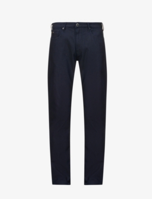 Equal parts casual and contemporary, our selection includes a mix of straight, slim-leg and tapered silhouettes with both low-rise and mid-rise waists. Our Emporio Armani black jeans are a versatile year-round choice and feature five pockets and branded hardware and patches. On the other end of the denim spectrum, blue options span bleached, paint-splattered and faded-wash styles, all designed with ample stretch for day-long comfort. They're also finished with the iconic eagle motif for a style-driven sign-off to your looks.
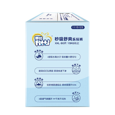 具有干爽透气的作用,迅速排出热气湿气,使屁屁干爽不闷湿。结合海量秒吸功能,吸收尿液效果出众,晚上睡眠更舒爽。
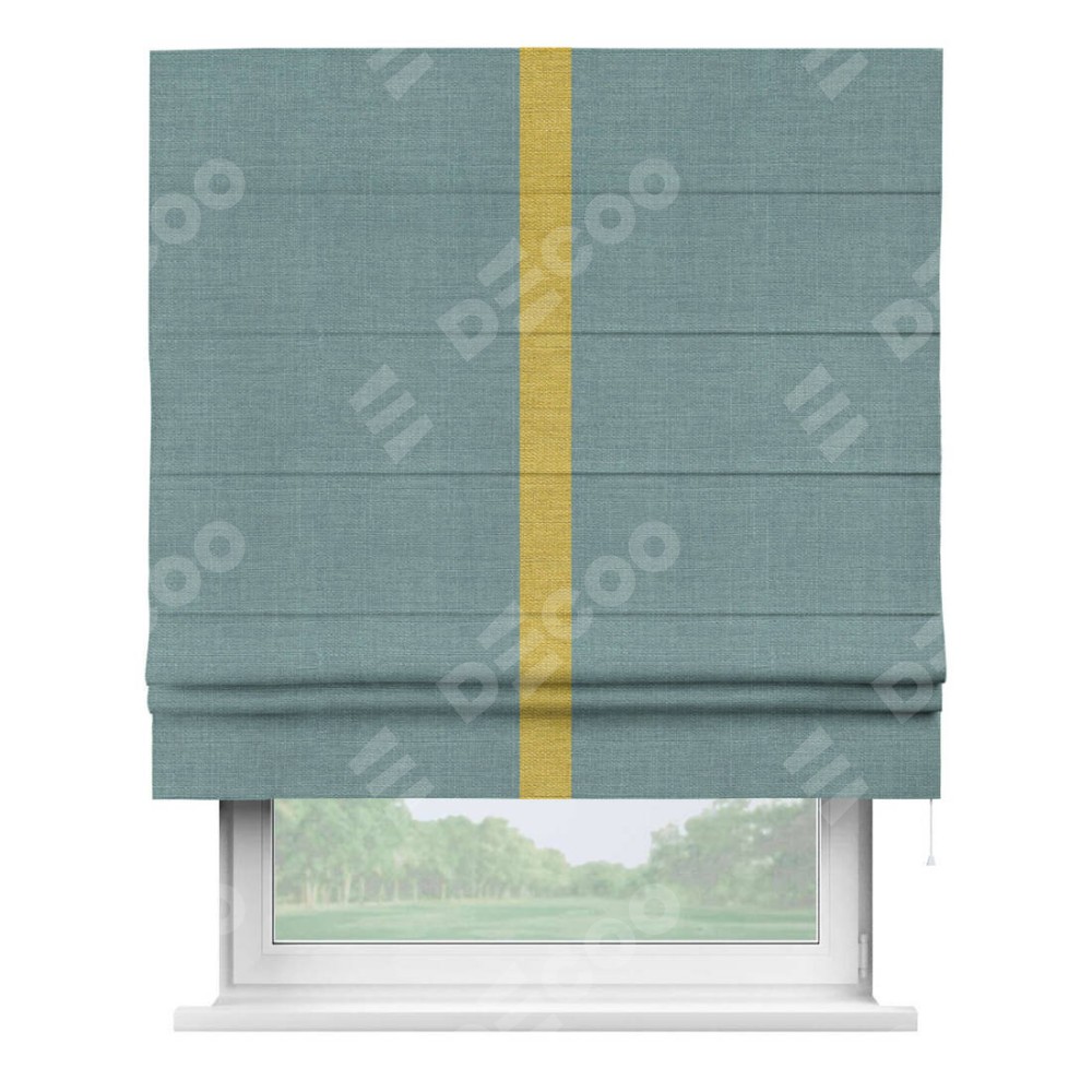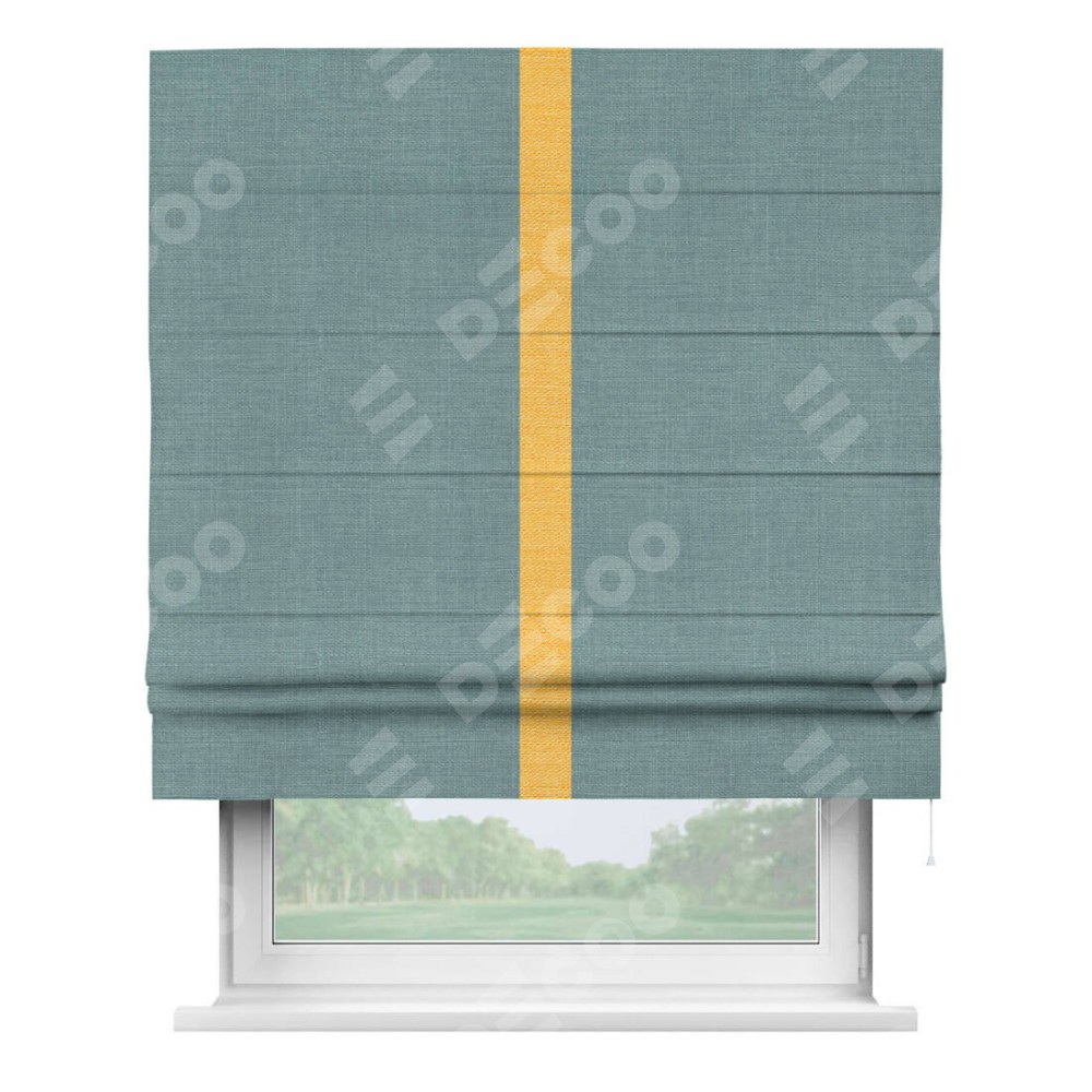Римская штора «Кортин» с отделкой кантом Хайвэй, для проема, ткань лён голубой
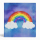 Watercolor style rainbow with white clouds and an indigo background
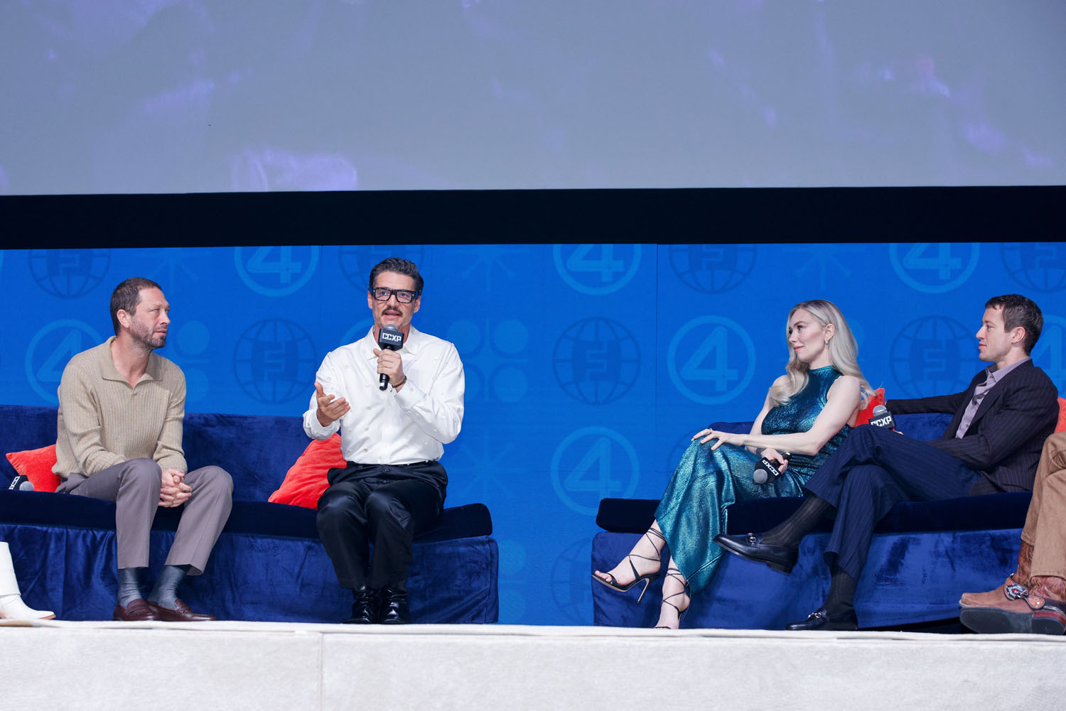 Vanessa Kirby, Ebon Moss-Bachrach, Pedro Pascal, and Joseph Quinn, aka the cast of The Fantastic Four, were at CCXP Mexico this past weekend to promote the movie which comes out on July 25. But that’s not Pedro’s next movie. His next movie is Materialists, opening soon, on June 13, just ten days away, so he’ll be in New York soon to join director Celine Song and co-stars Dakota Johnson and Chris Evans for the premiere. If you’ve been visiting this site over the last few months, you know this is my most anticipated movie of the summer – a proper rom-com with three big stars, gimme!
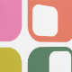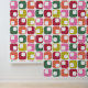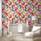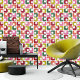 明るいレトロなスタイルプリントを特徴パターン(の模様が)あるとする、この皮とスティックの壁紙であなたの部屋を盛り上げる。白お洒落の赤モダン、緑、オレンジ、ピンクとライムグリーンのレトロ1970年代の幾何学的なプリントこの自己のスティック紙。

________________

→ Required work
The data above should be set down again exactly, with the pictures omitted.

→ Exercise response
 Equal parts casual and contemporary, our selection includes a mix of straight, slim-leg and tapered silhouettes with both low-rise and mid-rise waists. Our Emporio Armani black jeans are a versatile year-round choice and feature five pockets and branded hardware and patches. On the other end of the denim spectrum, blue options span bleached, paint-splattered and faded-wash styles, all designed with ample stretch for day-long comfort. They're also finished with the iconic eagle motif for a style-driven sign-off to your looks.
 具有干爽透气的作用,迅速排出热气湿气,使屁屁干爽不闷湿。结合海量秒吸功能,吸收尿液效果出众,晚上睡眠更舒爽。
Римская штора «Кортин» с отделкой кантом Хайвэй, для проема, ткань лён голубой
 Watercolor style rainbow with white clouds and an indigo background
 Vanessa Kirby, Ebon Moss-Bachrach, Pedro Pascal, and Joseph Quinn, aka the cast of The Fantastic Four, were at CCXP Mexico this past weekend to promote the movie which comes out on July 25. But that’s not Pedro’s next movie. His next movie is Materialists, opening soon, on June 13, just ten days away, so he’ll be in New York soon to join director Celine Song and co-stars Dakota Johnson and Chris Evans for the premiere. If you’ve been visiting this site over the last few months, you know this is my most anticipated movie of the summer – a proper rom-com with three big stars, gimme!
 明るいレトロなスタイルプリントを特徴パターン(の模様が)あるとする、この皮とスティックの壁紙であなたの部屋を盛り上げる。白お洒落の赤モダン、緑、オレンジ、ピンクとライムグリーンのレトロ1970年代の幾何学的なプリントこの自己のスティック紙。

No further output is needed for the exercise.